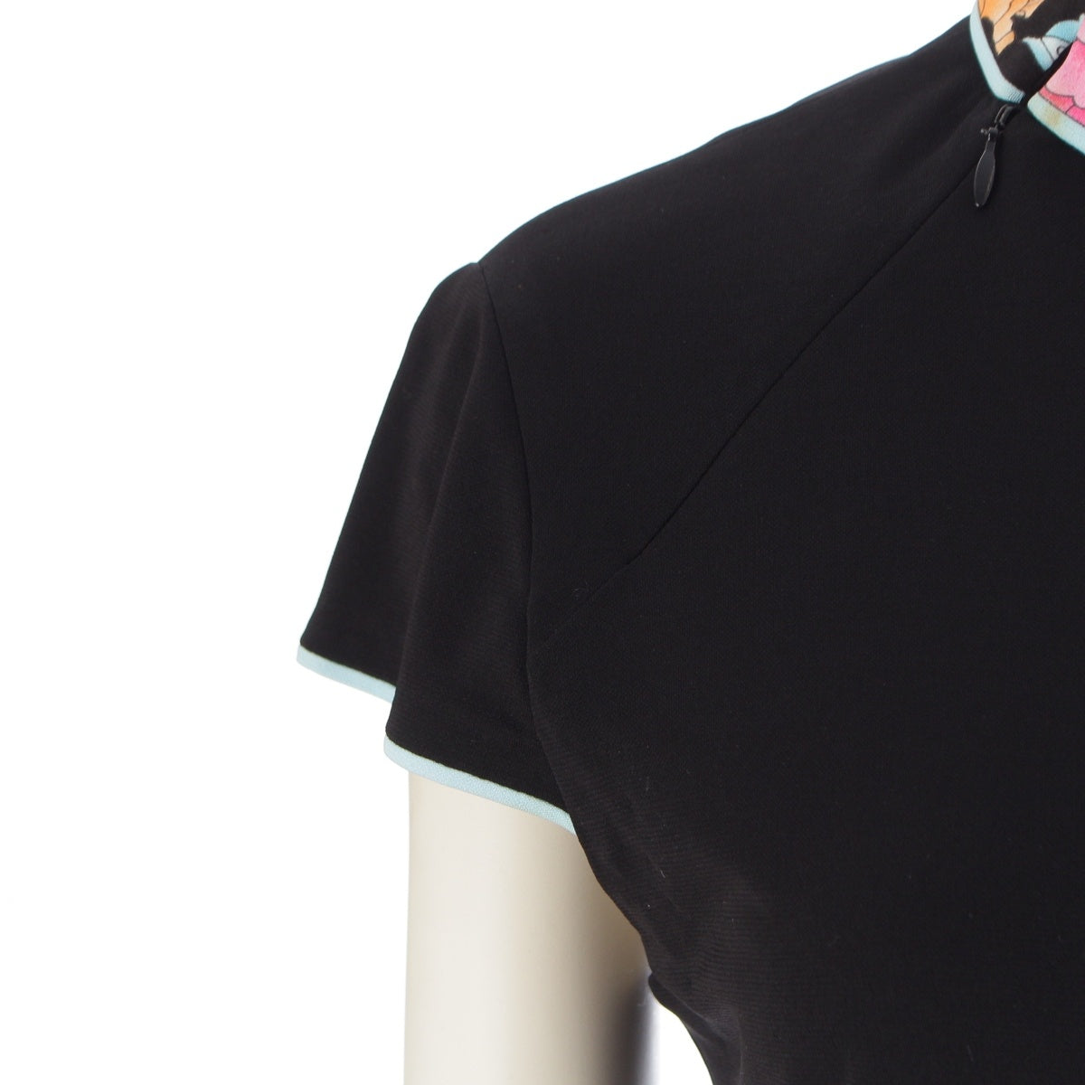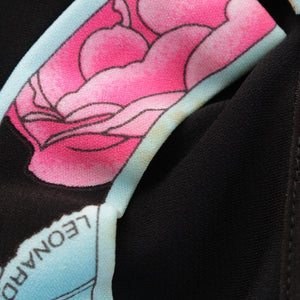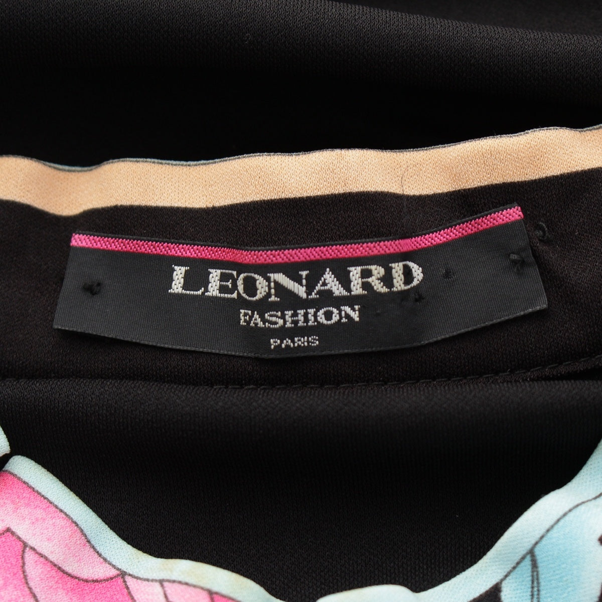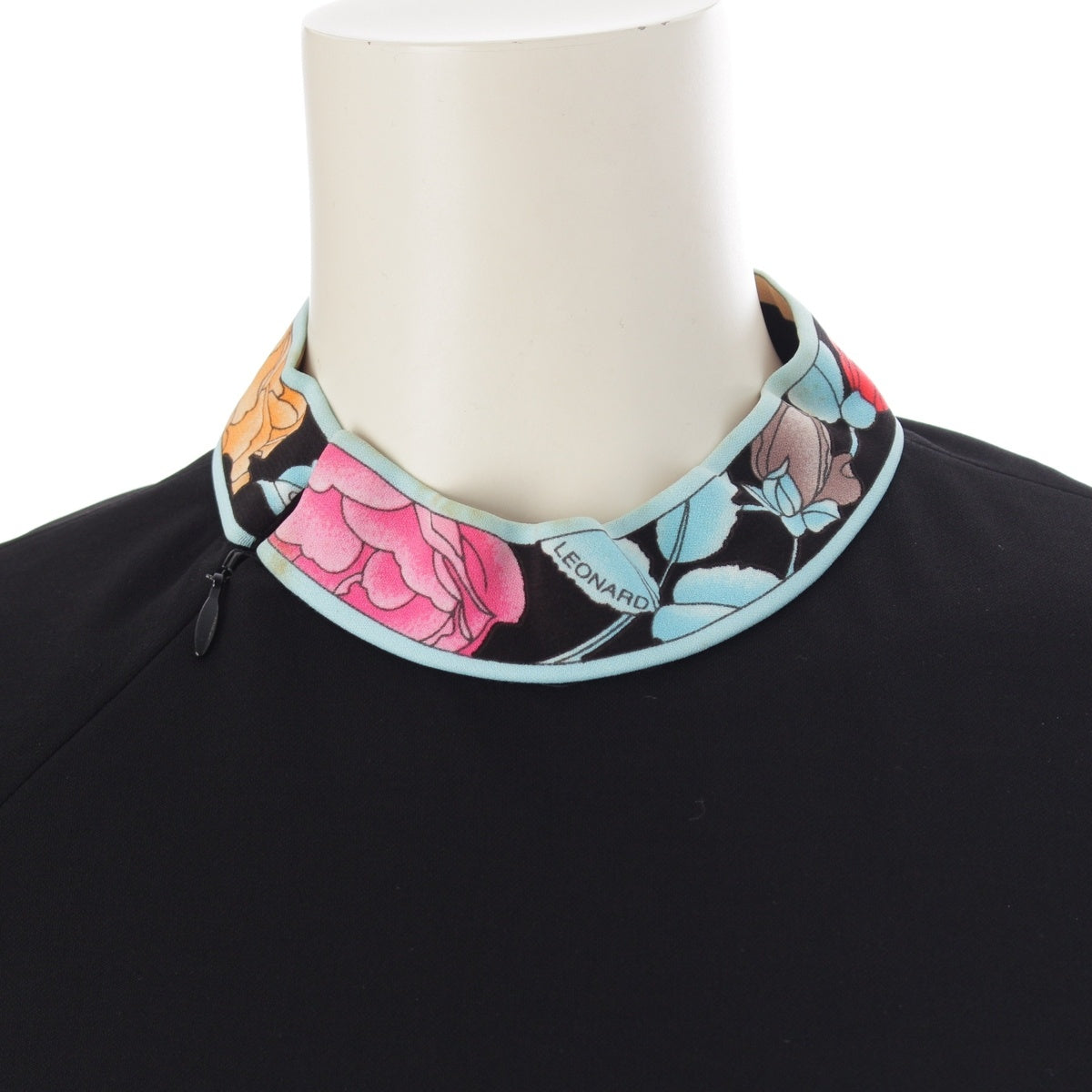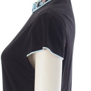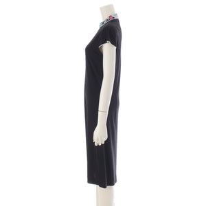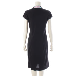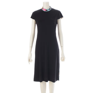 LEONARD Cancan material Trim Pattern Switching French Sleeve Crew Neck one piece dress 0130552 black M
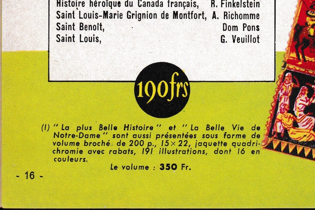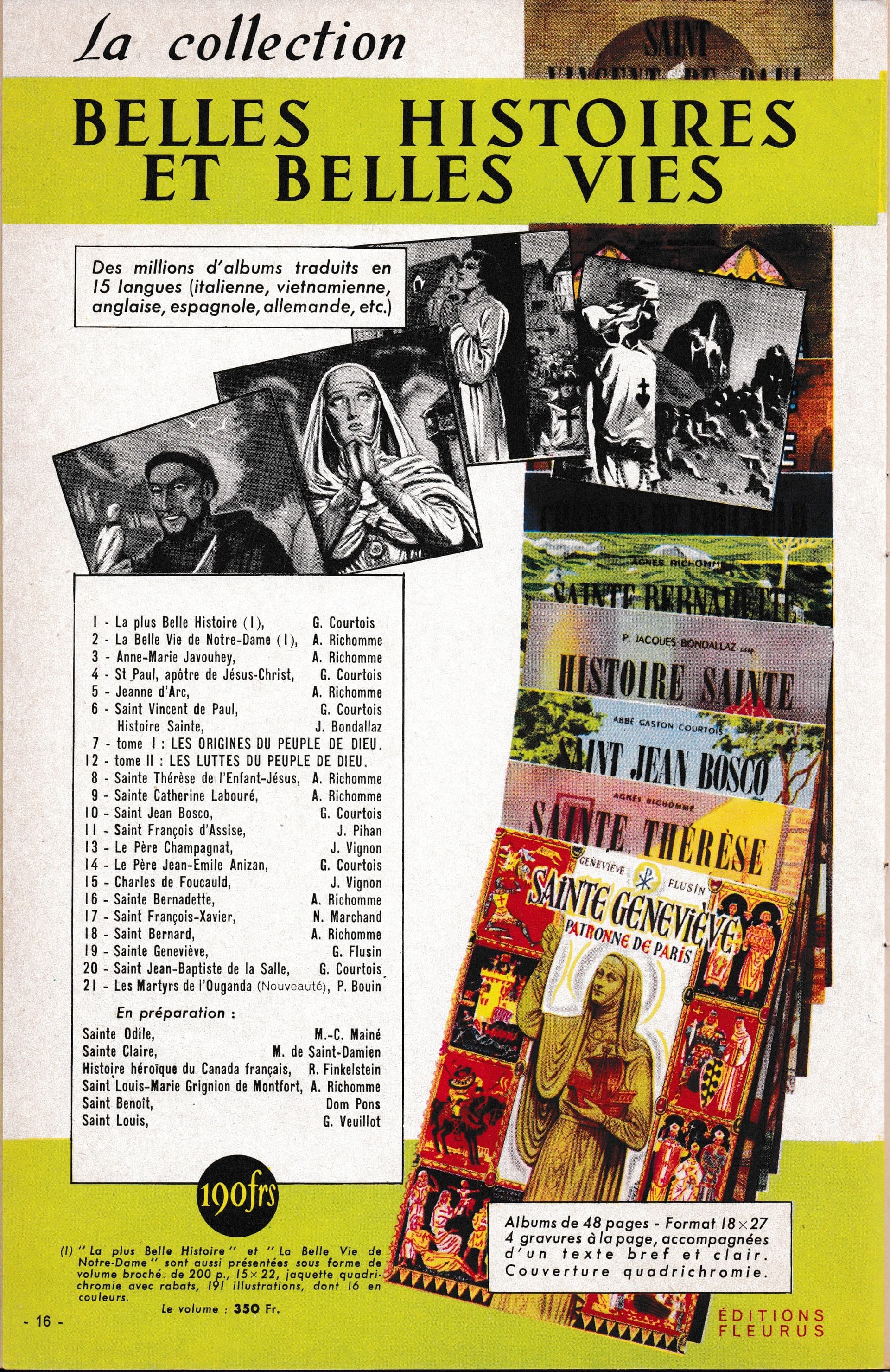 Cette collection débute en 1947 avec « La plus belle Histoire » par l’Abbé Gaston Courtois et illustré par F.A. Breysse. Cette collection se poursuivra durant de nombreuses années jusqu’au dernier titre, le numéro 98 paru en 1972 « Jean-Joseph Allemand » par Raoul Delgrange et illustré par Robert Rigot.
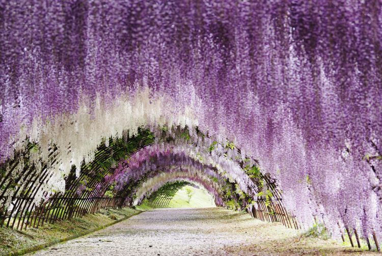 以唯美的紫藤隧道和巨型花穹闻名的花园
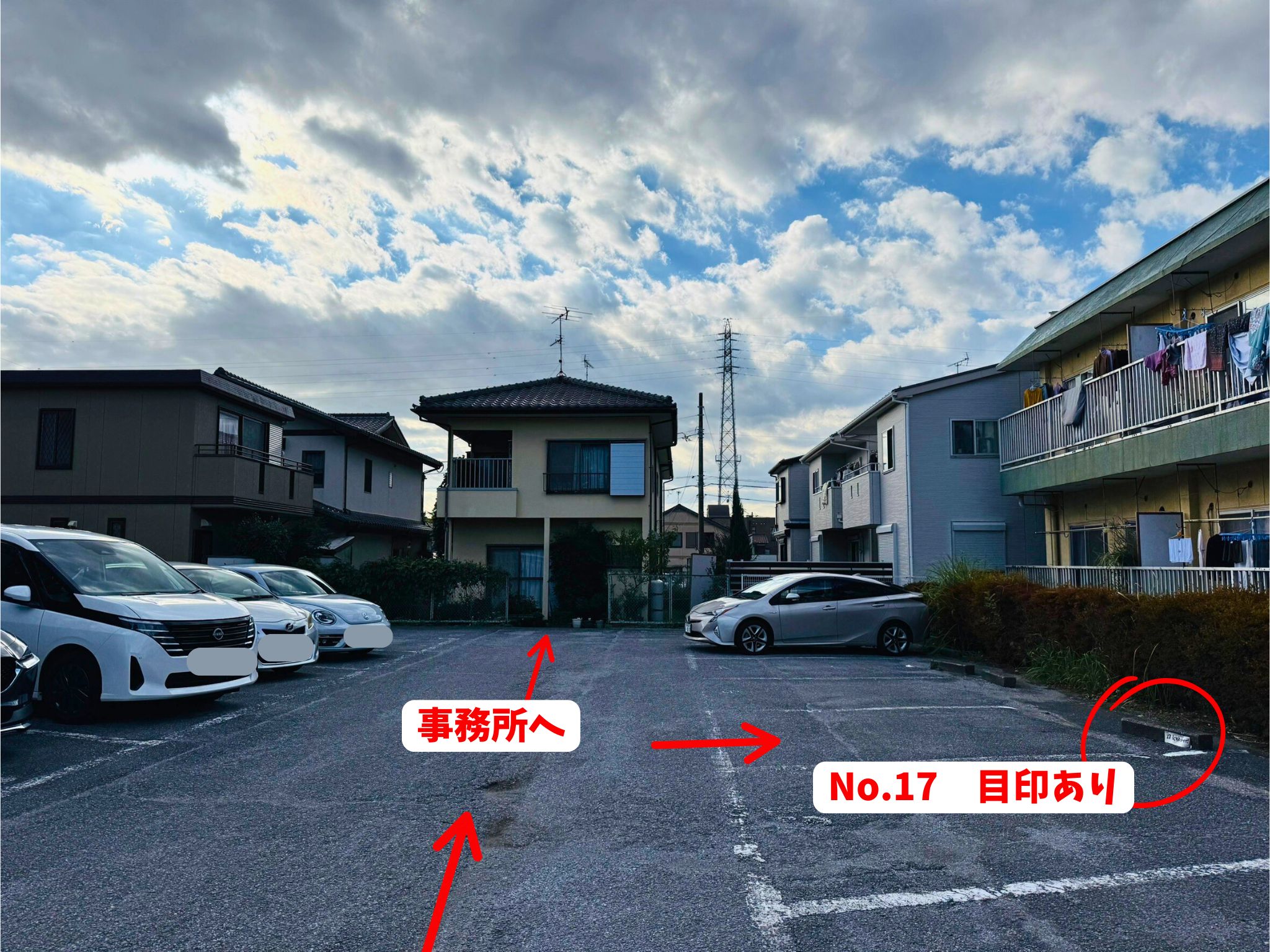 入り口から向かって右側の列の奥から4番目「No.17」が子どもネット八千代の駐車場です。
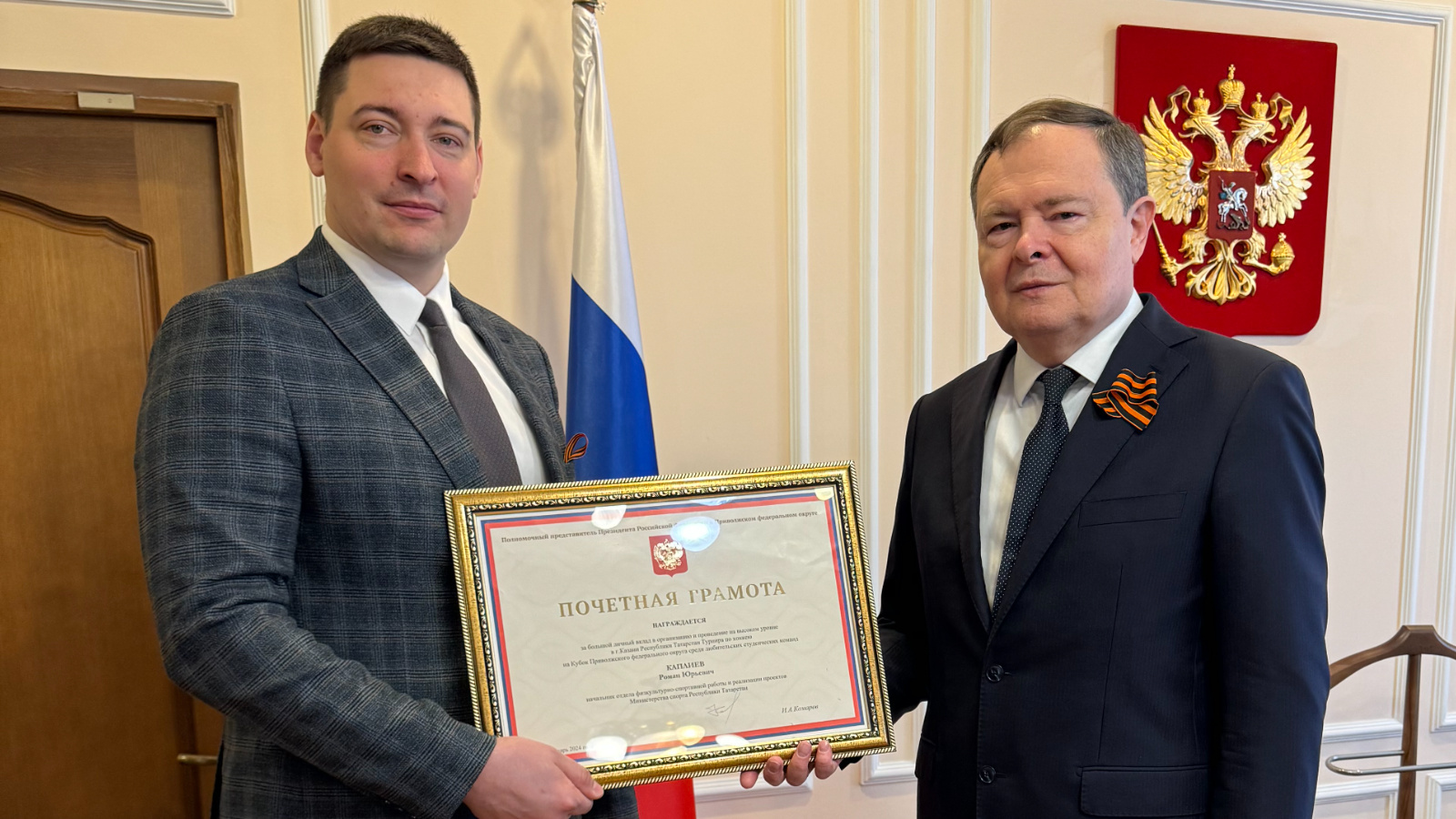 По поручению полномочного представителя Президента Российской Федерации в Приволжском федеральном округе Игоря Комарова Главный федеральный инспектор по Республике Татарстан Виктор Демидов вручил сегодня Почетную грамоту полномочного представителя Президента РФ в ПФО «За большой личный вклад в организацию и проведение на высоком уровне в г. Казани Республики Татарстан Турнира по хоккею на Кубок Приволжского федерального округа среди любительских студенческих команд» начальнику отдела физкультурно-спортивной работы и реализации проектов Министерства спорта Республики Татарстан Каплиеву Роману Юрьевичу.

- [WHAT IS REQUIRED]
Print all of the entries word for word. Skip any images they contain.

- [RESPONSE BOX]
 LEONARD Cancan material Trim Pattern Switching French Sleeve Crew Neck one piece dress 0130552 black M
 Cette collection débute en 1947 avec « La plus belle Histoire » par l’Abbé Gaston Courtois et illustré par F.A. Breysse. Cette collection se poursuivra durant de nombreuses années jusqu’au dernier titre, le numéro 98 paru en 1972 « Jean-Joseph Allemand » par Raoul Delgrange et illustré par Robert Rigot.
 以唯美的紫藤隧道和巨型花穹闻名的花园
 入り口から向かって右側の列の奥から4番目「No.17」が子どもネット八千代の駐車場です。
 По поручению полномочного представителя Президента Российской Федерации в Приволжском федеральном округе Игоря Комарова Главный федеральный инспектор по Республике Татарстан Виктор Демидов вручил сегодня Почетную грамоту полномочного представителя Президента РФ в ПФО «За большой личный вклад в организацию и проведение на высоком уровне в г. Казани Республики Татарстан Турнира по хоккею на Кубок Приволжского федерального округа среди любительских студенческих команд» начальнику отдела физкультурно-спортивной работы и реализации проектов Министерства спорта Республики Татарстан Каплиеву Роману Юрьевичу.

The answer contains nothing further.